The model checkpoints and dataset are all available on HuggingFace. Since the full dataset is quite large (~490GB total), it is recommended to use faster download methods appropriate for your system provided on the HuggingFace documentation.

huggingface-cli login   # in case not already authenticated

# Checkpoints
huggingface-cli download arth-shukla/mshab_checkpoints --local-dir mshab_checkpoints

# Dataset (see HuggingFace documentation for faster download options depending on your system)
export MS_ASSET_DIR="~/.maniskill/data" # change to your preferred path (if changed, ideally add to .bashrc)
export MSHAB_DATASET_DIR="$MS_ASSET_DIR/scene_datasets/replica_cad_dataset/rearrange-dataset"
huggingface-cli download --repo-type dataset arth-shukla/MS-HAB-TidyHouse --local-dir "$MSHAB_DATASET_DIR/tidy_house"
huggingface-cli download --repo-type dataset arth-shukla/MS-HAB-PrepareGroceries --local-dir "$MSHAB_DATASET_DIR/prepare_groceries"
huggingface-cli download --repo-type dataset arth-shukla/MS-HAB-SetTable --local-dir "$MSHAB_DATASET_DIR/set_table"

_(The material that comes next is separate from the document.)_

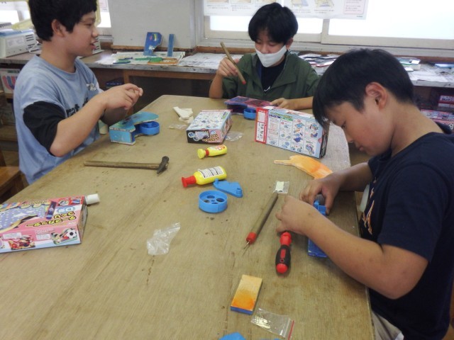 6年生 図画工作「テープカッターづくり」作業に没頭中です!完成は近い!?

Users can also generate the data with trajectory filtering by running the provided data generation script bash scripts/gen_dataset.sh; this option may be faster depending on connection speed and system bandwidth. Users can use custom trajectory filtering criteria by editing mshab/utils/label_dataset.py (e.g. stricter collision requirements, allow failure data for RL, etc).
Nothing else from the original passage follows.